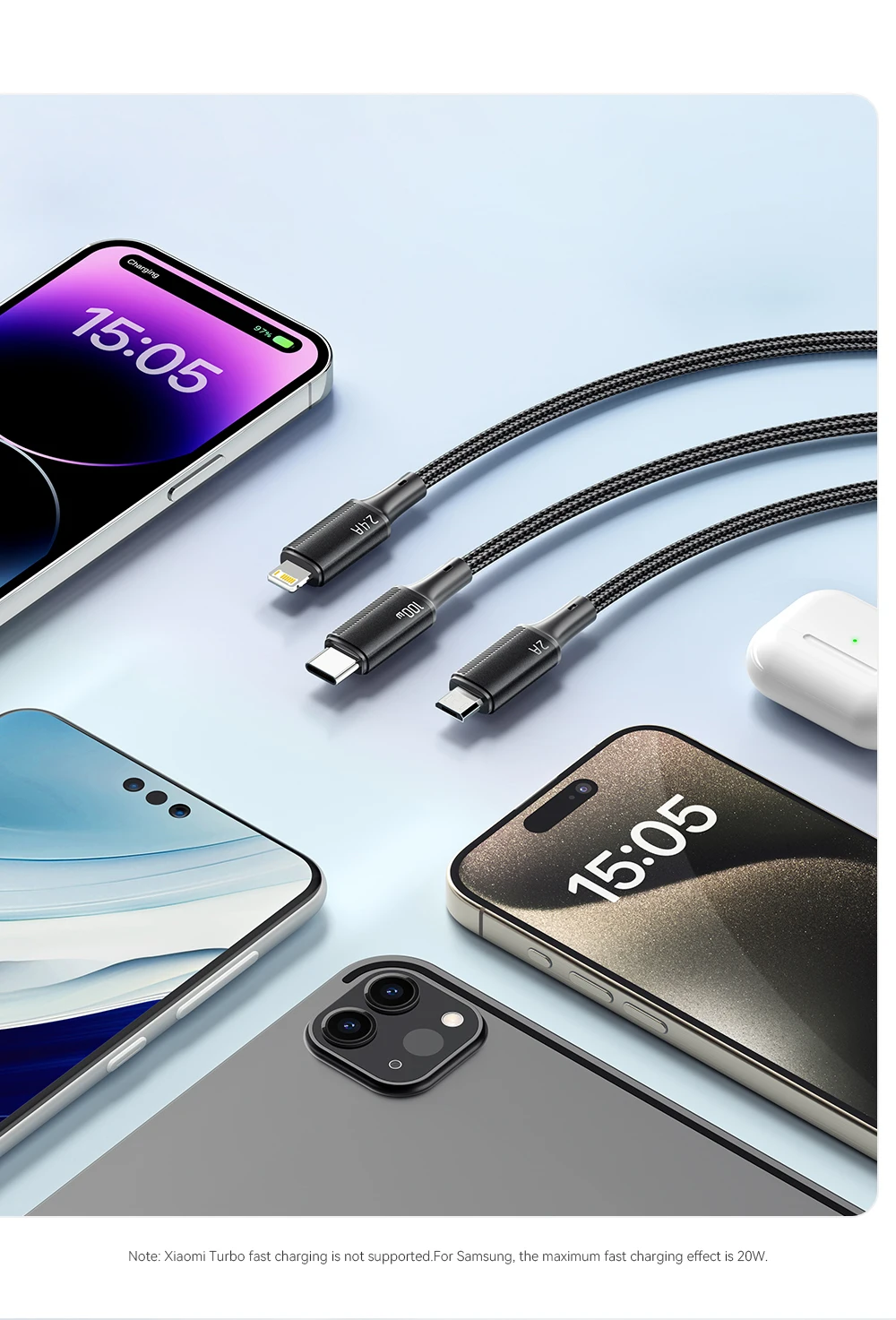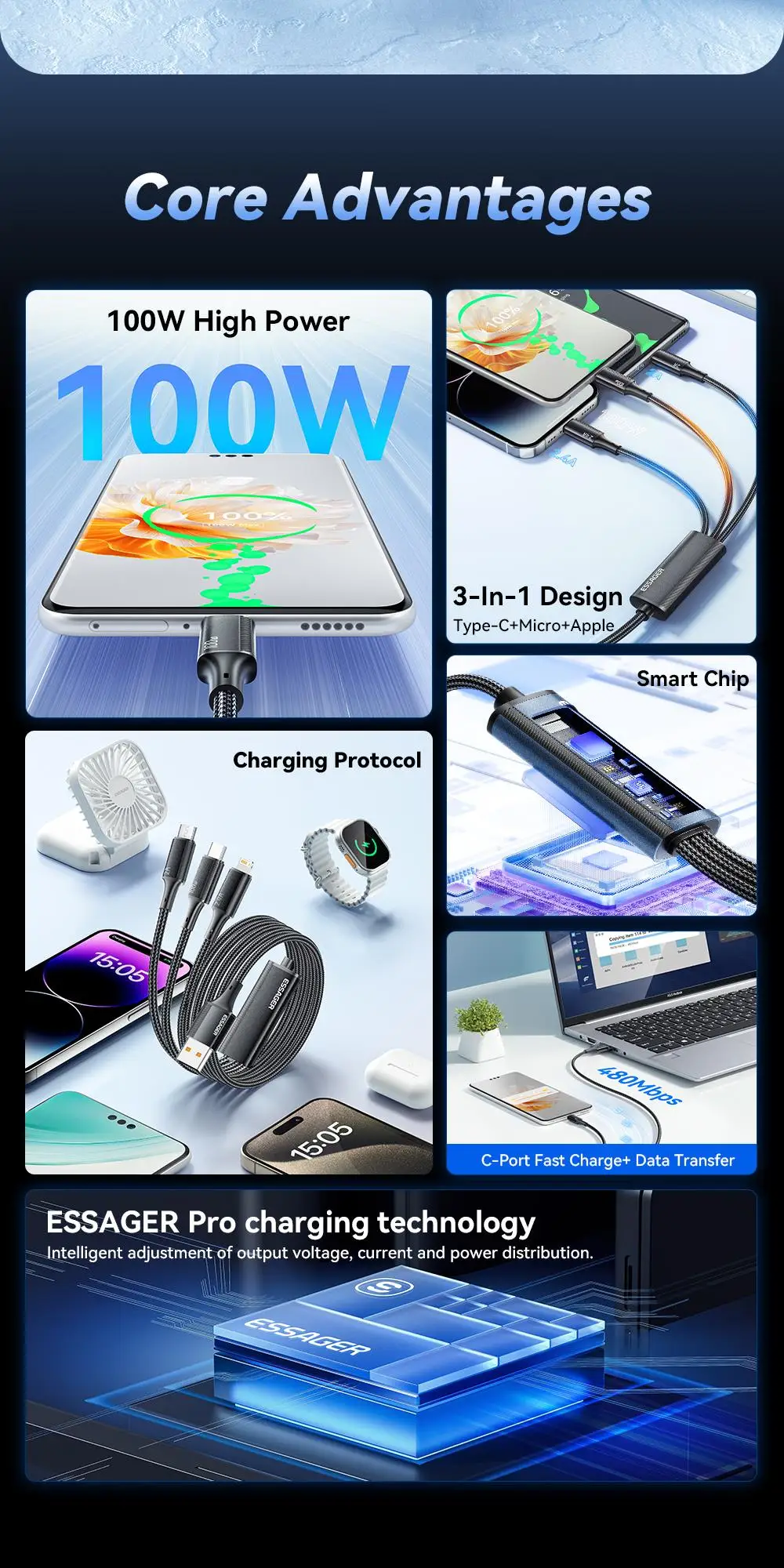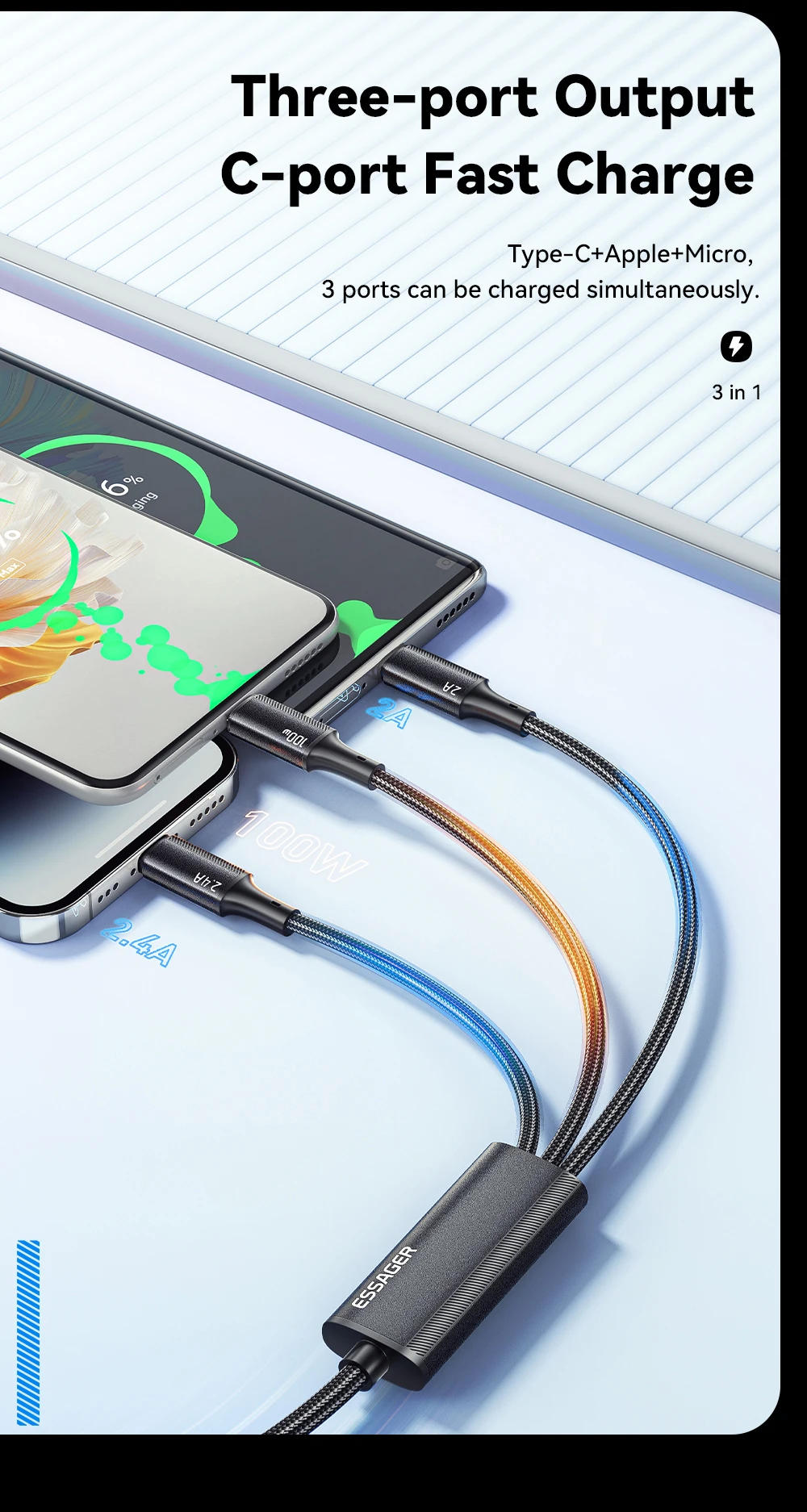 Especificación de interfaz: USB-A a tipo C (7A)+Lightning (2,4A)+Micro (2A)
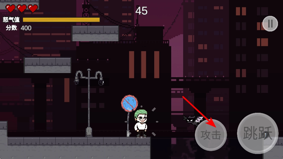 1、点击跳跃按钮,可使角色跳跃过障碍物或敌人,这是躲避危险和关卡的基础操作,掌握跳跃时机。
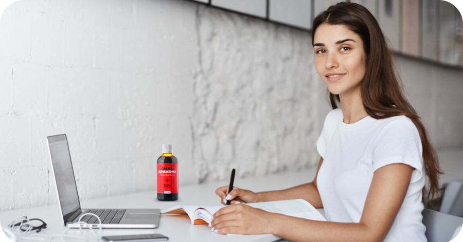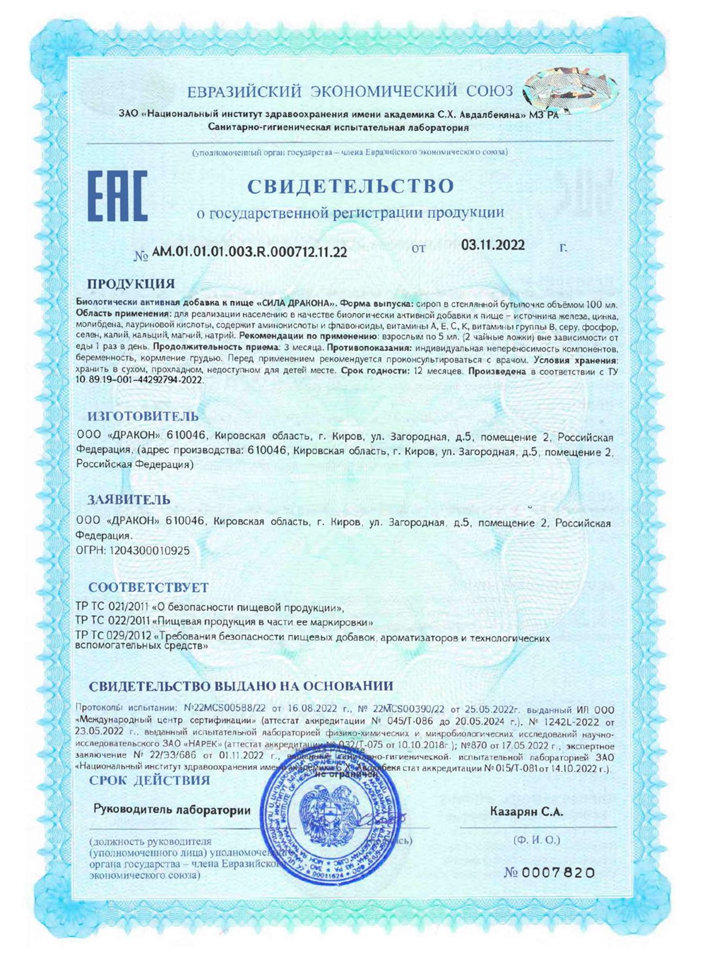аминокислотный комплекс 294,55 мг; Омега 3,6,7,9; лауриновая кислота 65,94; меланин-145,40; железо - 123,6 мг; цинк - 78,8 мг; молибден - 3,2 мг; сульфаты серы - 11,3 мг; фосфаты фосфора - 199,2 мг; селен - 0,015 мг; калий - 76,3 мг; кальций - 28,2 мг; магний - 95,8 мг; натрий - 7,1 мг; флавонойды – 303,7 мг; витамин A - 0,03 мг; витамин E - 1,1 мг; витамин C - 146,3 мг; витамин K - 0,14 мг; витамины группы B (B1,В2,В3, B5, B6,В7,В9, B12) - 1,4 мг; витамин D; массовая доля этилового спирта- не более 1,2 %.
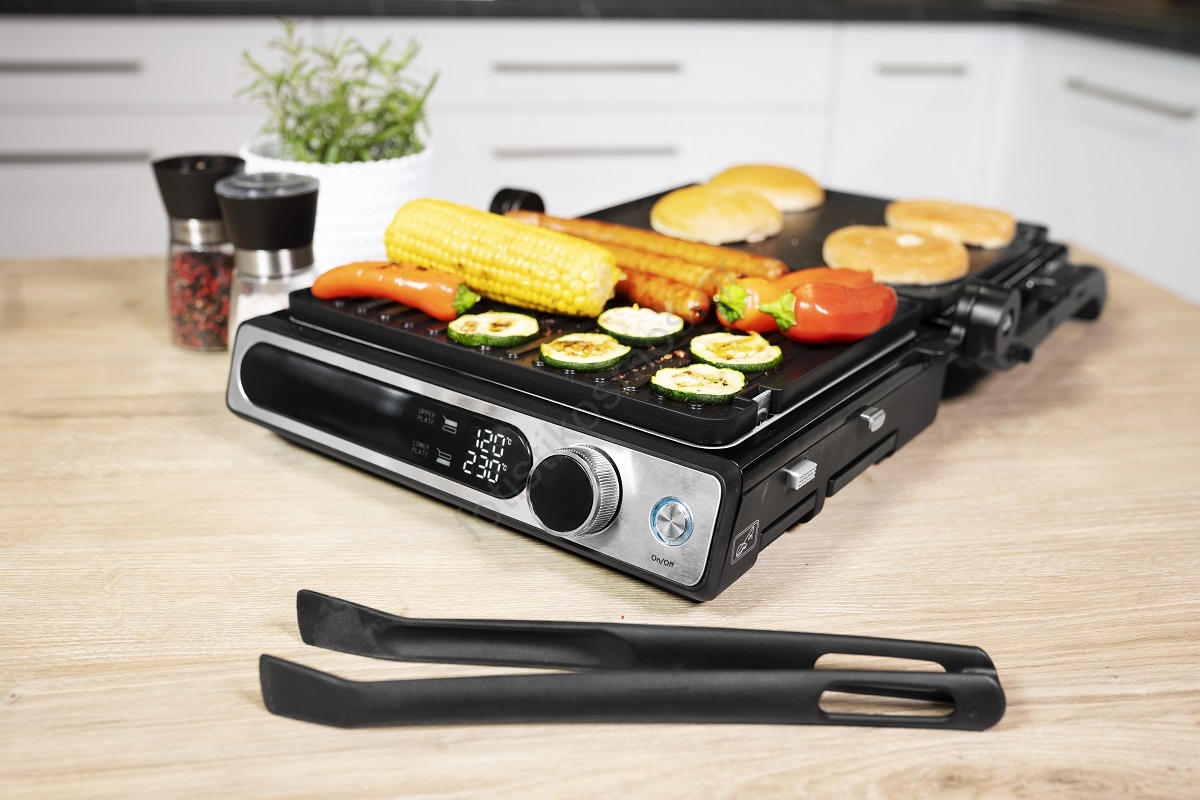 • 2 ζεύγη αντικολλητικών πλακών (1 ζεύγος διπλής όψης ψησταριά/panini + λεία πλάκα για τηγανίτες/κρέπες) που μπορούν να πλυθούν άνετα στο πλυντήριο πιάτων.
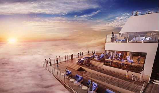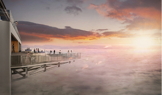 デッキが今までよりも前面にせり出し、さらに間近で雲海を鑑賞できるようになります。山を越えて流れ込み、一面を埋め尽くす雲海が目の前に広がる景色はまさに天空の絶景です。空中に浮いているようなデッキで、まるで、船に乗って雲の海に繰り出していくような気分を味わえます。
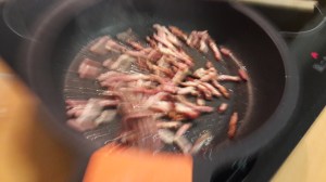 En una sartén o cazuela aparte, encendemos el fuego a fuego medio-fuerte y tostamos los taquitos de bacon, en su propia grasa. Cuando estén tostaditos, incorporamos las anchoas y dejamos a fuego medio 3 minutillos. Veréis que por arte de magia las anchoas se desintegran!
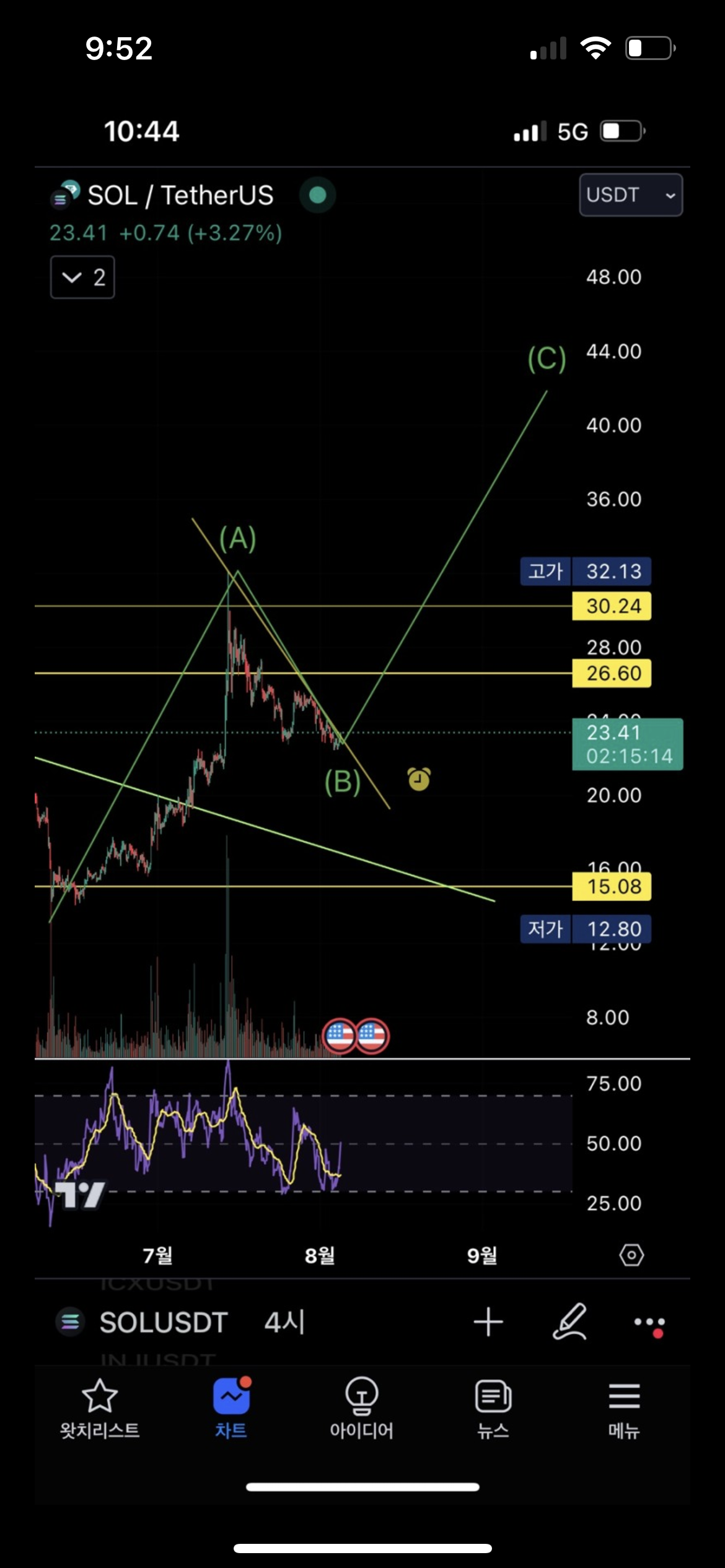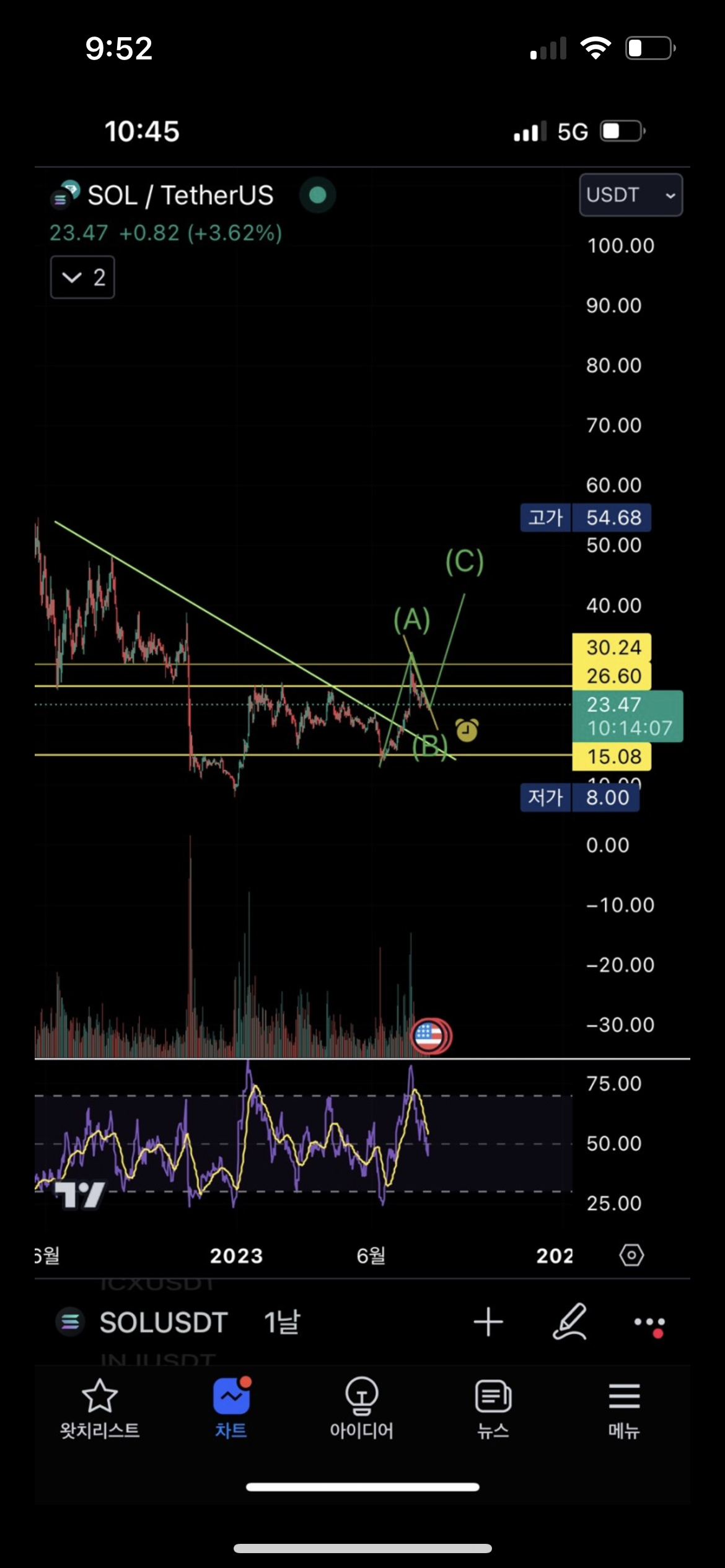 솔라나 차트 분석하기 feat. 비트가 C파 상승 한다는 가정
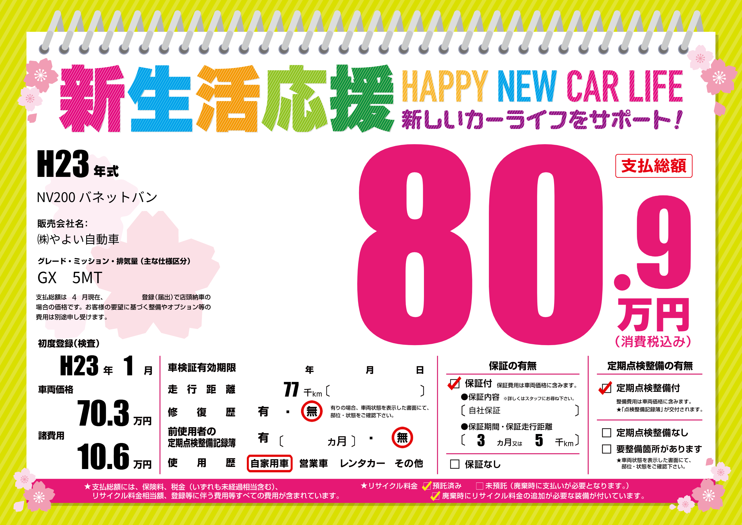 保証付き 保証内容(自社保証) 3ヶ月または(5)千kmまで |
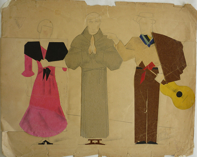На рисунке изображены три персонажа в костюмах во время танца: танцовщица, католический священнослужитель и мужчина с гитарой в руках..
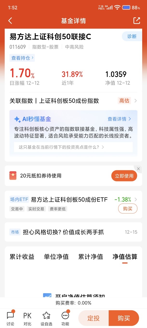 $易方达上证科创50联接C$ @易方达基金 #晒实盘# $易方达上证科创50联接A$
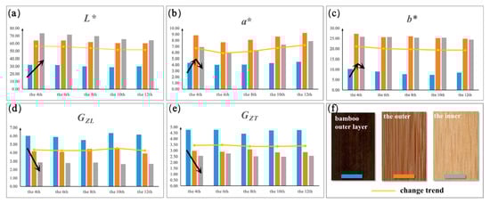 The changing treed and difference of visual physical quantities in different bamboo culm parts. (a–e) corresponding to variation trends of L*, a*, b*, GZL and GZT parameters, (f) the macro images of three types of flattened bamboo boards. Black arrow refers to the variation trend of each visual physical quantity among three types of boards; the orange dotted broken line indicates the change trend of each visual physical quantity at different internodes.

▶ [Work instruction]
Make an exact copy of the data, leaving its pictures out.

▶ [Response]
 Especificación de interfaz: USB-A a tipo C (7A)+Lightning (2,4A)+Micro (2A)
 1、点击跳跃按钮,可使角色跳跃过障碍物或敌人,这是躲避危险和关卡的基础操作,掌握跳跃时机。
аминокислотный комплекс 294,55 мг; Омега 3,6,7,9; лауриновая кислота 65,94; меланин-145,40; железо - 123,6 мг; цинк - 78,8 мг; молибден - 3,2 мг; сульфаты серы - 11,3 мг; фосфаты фосфора - 199,2 мг; селен - 0,015 мг; калий - 76,3 мг; кальций - 28,2 мг; магний - 95,8 мг; натрий - 7,1 мг; флавонойды – 303,7 мг; витамин A - 0,03 мг; витамин E - 1,1 мг; витамин C - 146,3 мг; витамин K - 0,14 мг; витамины группы B (B1,В2,В3, B5, B6,В7,В9, B12) - 1,4 мг; витамин D; массовая доля этилового спирта- не более 1,2 %.
 • 2 ζεύγη αντικολλητικών πλακών (1 ζεύγος διπλής όψης ψησταριά/panini + λεία πλάκα για τηγανίτες/κρέπες) που μπορούν να πλυθούν άνετα στο πλυντήριο πιάτων.
 デッキが今までよりも前面にせり出し、さらに間近で雲海を鑑賞できるようになります。山を越えて流れ込み、一面を埋め尽くす雲海が目の前に広がる景色はまさに天空の絶景です。空中に浮いているようなデッキで、まるで、船に乗って雲の海に繰り出していくような気分を味わえます。
 En una sartén o cazuela aparte, encendemos el fuego a fuego medio-fuerte y tostamos los taquitos de bacon, en su propia grasa. Cuando estén tostaditos, incorporamos las anchoas y dejamos a fuego medio 3 minutillos. Veréis que por arte de magia las anchoas se desintegran!
 솔라나 차트 분석하기 feat. 비트가 C파 상승 한다는 가정
 保証付き 保証内容(自社保証) 3ヶ月または(5)千kmまで |
На рисунке изображены три персонажа в костюмах во время танца: танцовщица, католический священнослужитель и мужчина с гитарой в руках..
 $易方达上证科创50联接C$ @易方达基金 #晒实盘# $易方达上证科创50联接A$
 The changing treed and difference of visual physical quantities in different bamboo culm parts. (a–e) corresponding to variation trends of L*, a*, b*, GZL and GZT parameters, (f) the macro images of three types of flattened bamboo boards. Black arrow refers to the variation trend of each visual physical quantity among three types of boards; the orange dotted broken line indicates the change trend of each visual physical quantity at different internodes.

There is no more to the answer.